For clarity, it is recommended the weights sum to 1.0 .

The following example defines six differnt analyzers to use in the scoring of each calibration simulation. It mixes multiple different channels of data, some counting and some fractional, some per-node and some all-node. Note that there are two Prevalence analyzers, one for per-node and one for all-node data; multiple analyzers per channel is a supported feature.

Important

Multiple analyzers per channel using different observational subsets is supported.

Model Parameters Sheet

The Model Parameters sheet tells the calibration iteration algorithm which hyperparameters it can alter during calibration to find better model fits to the provided observations. Each row specifies a hyperparameter and its limits:

name: The hyperparameter name (including its label, if applicable).
dynamic: Should always be TRUE. Only exists for back-compatibility purposes.
initial_value: The value to use for the hyperparameter at the very beginning of a calibration process. It must be within the specified min and max values: min <= initial_value <= max.
min: The minimum value the calibration algorithm can use. Must be less than max.
max: The maximum value the calibration algorighm can use. Must be greater than min.
map_to: If present, only exists for back-compatibility purposes.

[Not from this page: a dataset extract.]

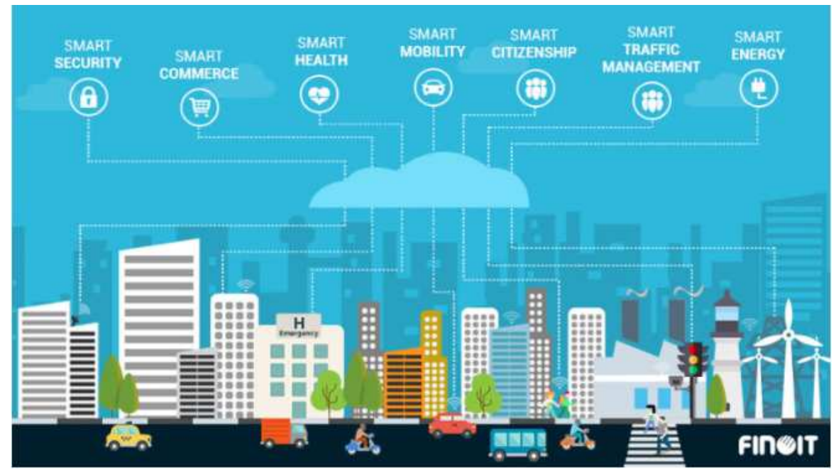
Figure 1 A typical smart city [9].

Does not need to be filled.

Information about definining and using hyperparameters is covered in the using parameterized calls tutorial.

Finding currently available hyperparameters is detailed in the how to list hyperparameters guide.

The following example specifies 40 different hyperparameters (with their labels) for use with calibration.

Specifying an ingest form for use in a project

An ingest form is specified for use with calibration via an entry in project-level file manifest.py, detailed in the project reference.